> [EXERCISE REQUIREMENTS]: Word for word, transcribe the listing that follows, minus any pictures.

> [RECORDED DATA]:
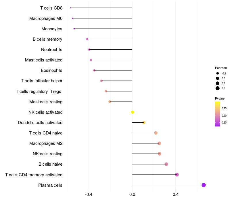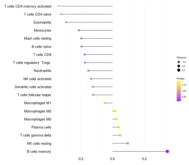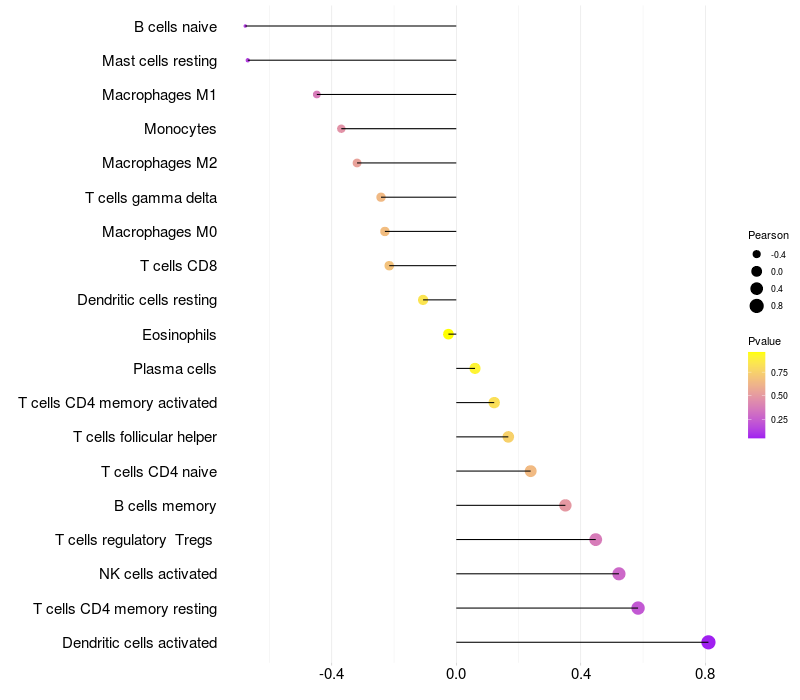 Lollipop of CRIM1 expression and immune infiltrating cell level correlation result in EBV+ samples
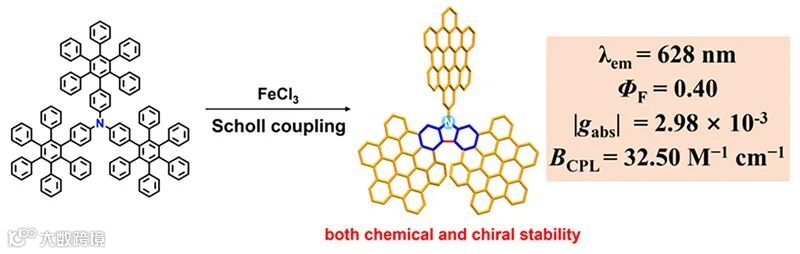 通过扩展取代法成功合成了一种以咔唑为核心、结合HBC(六苯并蒄)单元的氮杂螺烯分子(分子1),并深入研究了其稳定性及与手性相关的光学性质。
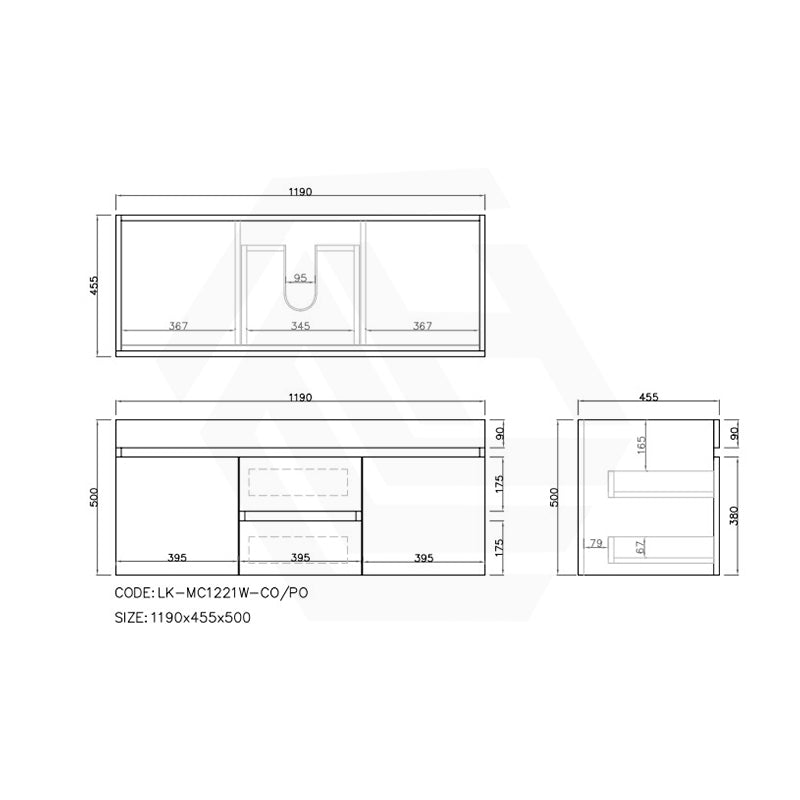 Lukka Camden Modern 1200mm Wall Hung Vanity E0 MDF Wood Grain PVC Film Cabinet with Middle Drawers In Various Colours
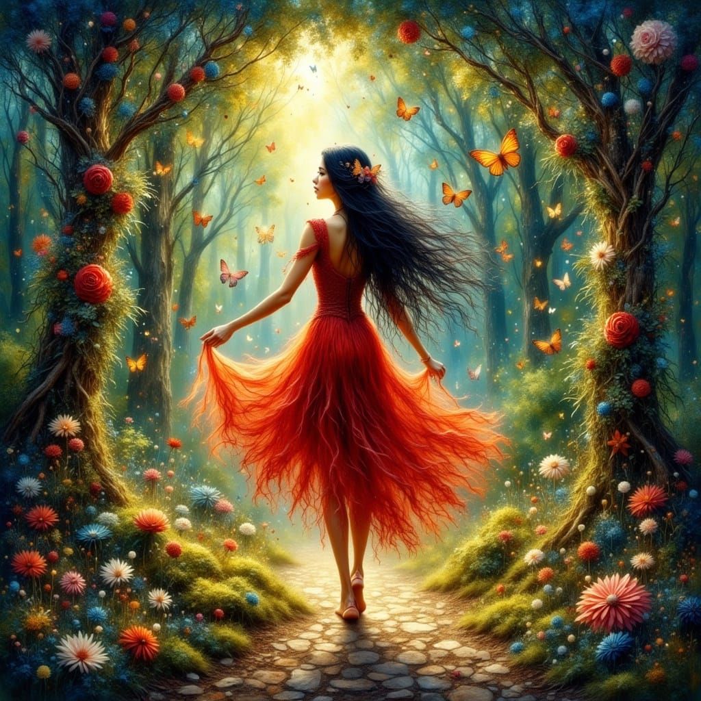 <lora:StarryNight:1.0> <lora:FluxWizardly:1.0> <lora:Beautiful women:1.0> <lora:EtherealVisionsFlux:1.0> create a (full figure front on of a gorgeous elf fairy dancing down a mossy walkway, she has long black hair and is wearing a red gauzy outfit) on a forest pathway, the pathway is illuminated by the ...

> [REPLY TO THE TASK]:
 Lollipop of CRIM1 expression and immune infiltrating cell level correlation result in EBV+ samples
 通过扩展取代法成功合成了一种以咔唑为核心、结合HBC(六苯并蒄)单元的氮杂螺烯分子(分子1),并深入研究了其稳定性及与手性相关的光学性质。
 Lukka Camden Modern 1200mm Wall Hung Vanity E0 MDF Wood Grain PVC Film Cabinet with Middle Drawers In Various Colours
 <lora:StarryNight:1.0> <lora:FluxWizardly:1.0> <lora:Beautiful women:1.0> <lora:EtherealVisionsFlux:1.0> create a (full figure front on of a gorgeous elf fairy dancing down a mossy walkway, she has long black hair and is wearing a red gauzy outfit) on a forest pathway, the pathway is illuminated by the ...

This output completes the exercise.